4 Solving for the UAP#

>>> from rai_toolbox.perturbations import gradient_ascent

>>> xadv, losses = gradient_ascent(
...  model=model,
...  data=data,
...  target=truth,
...  perturbation_model=pert_model,
...  optimizer=optim,
...  reduction_fn=tr.mean,
...  steps=10,
... )

>>> pert_model.delta  # the UAP solution
Parameter containing:
tensor([[[-0.0670,  0.0970,  0.1258,  0.4220],
         [ 0.5926, -0.0525, -0.4427, -0.1195],
         [ 0.5156, -0.0750, -0.0547, -0.1155],
         [-0.0163,  0.5255,  0.1064, -0.4517]],

        [[-0.0072, -0.4236,  0.4355, -0.2047],
         [-0.0961,  0.4003, -0.1891, -0.1592],
         [-0.1453,  0.0062, -0.4630,  0.6092],
         [-0.1998, -0.1265,  0.4888,  0.0515]],

        [[-0.0886,  0.2541,  0.1003,  0.0585],
         [ 0.3680,  0.1455, -0.4263, -0.0196],
         [-0.1726,  0.1401, -0.5161, -0.1914],
         [ 0.1375,  0.3058,  0.1123,  0.0247]]], requires_grad=True)

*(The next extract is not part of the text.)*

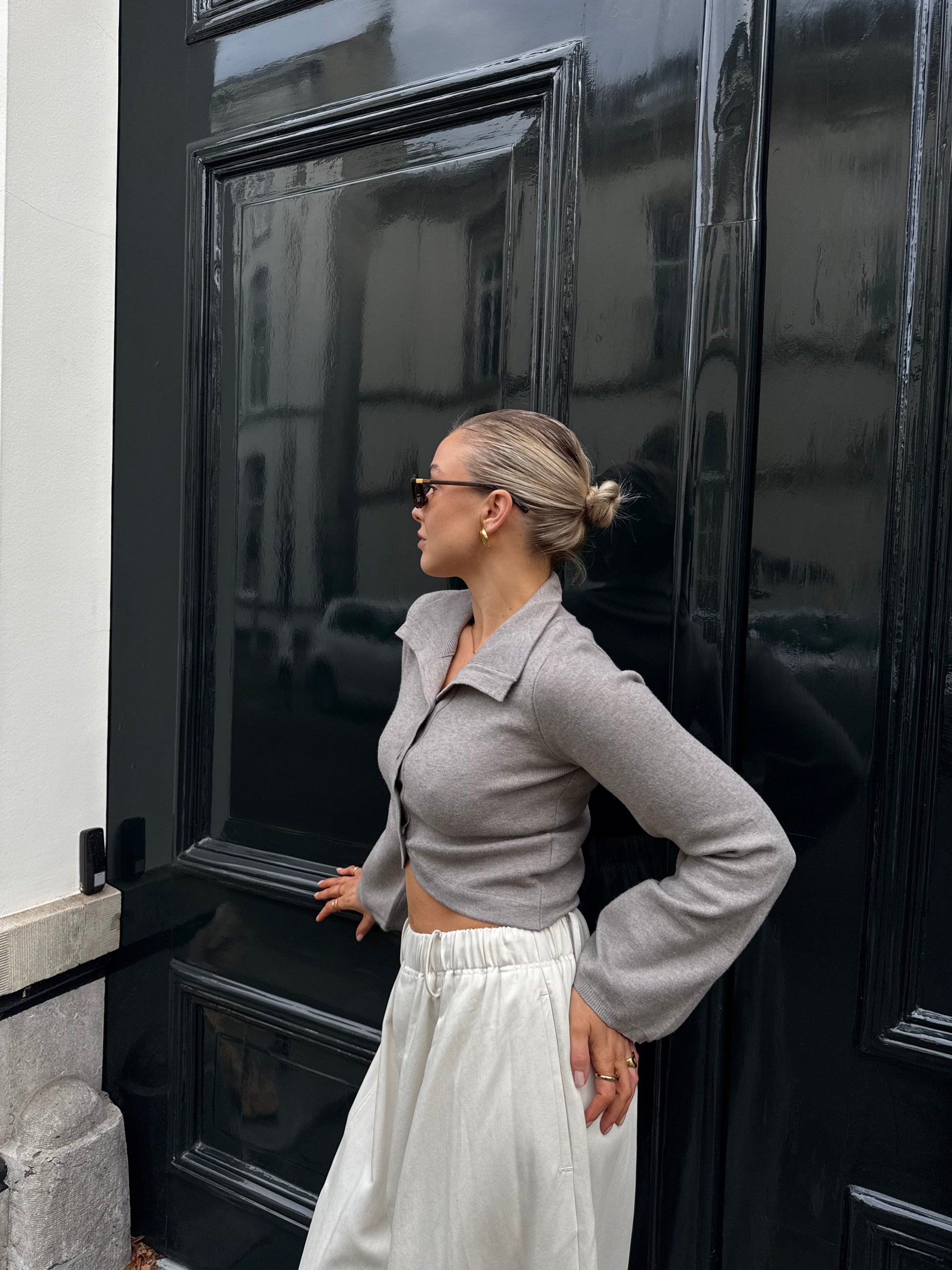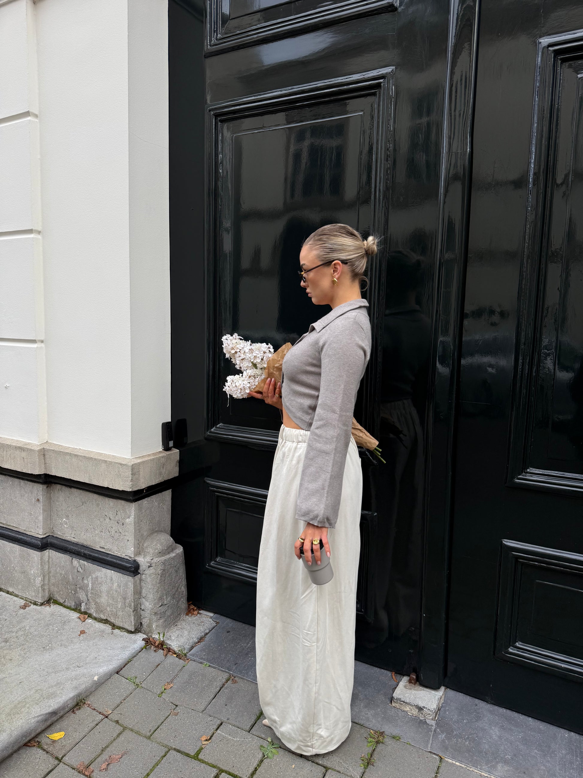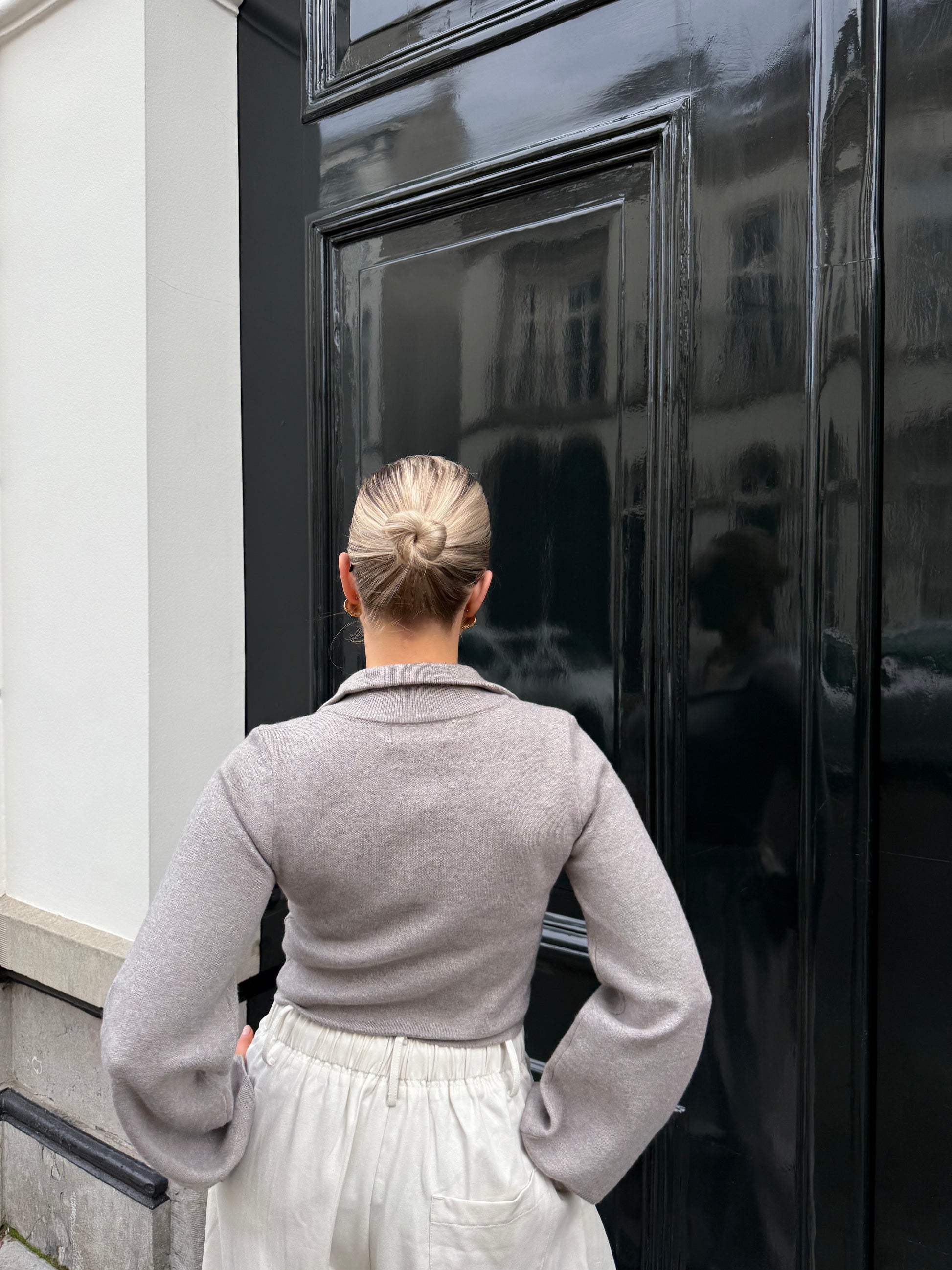 Deze grijze top heeft een moderne en verfijnde uitstraling. De uitlopende mouwen geven het item een speels en elegant detail. De top valt aan de kleine kant, waardoor we adviseren je eigen maat goed te checken voor de gewenste fit.

>>> tr.linalg.norm(pert_model.delta.flatten(), ord=2)  # verify that δ falls in eps-2 ball
tensor(2.0000, grad_fn=<CopyBackwards>)

Let’s check that the loss of the clean batch of data is less than the loss of the perturbed batch

Verifying the attack#

>>> from torch.nn.functional import cross_entropy

>>> cross_entropy(model(data), truth)
tensor(2.2578, grad_fn=<NllLossBackward0>)

>>> pert_data = pert_model(data)
>>> cross_entropy(model(pert_data), truth)
tensor(2.4227, grad_fn=<NllLossBackward0>)

Great! Our UAP for this toy problem reduces the average performance of our model on uniformally-perturbed data.

Note

The paper Universal Adversarial Training utilizes a clamped cross-entropy loss. In the workflow presented here, one would pass a clamped version of the loss via the criterion argument to gradient_ascent.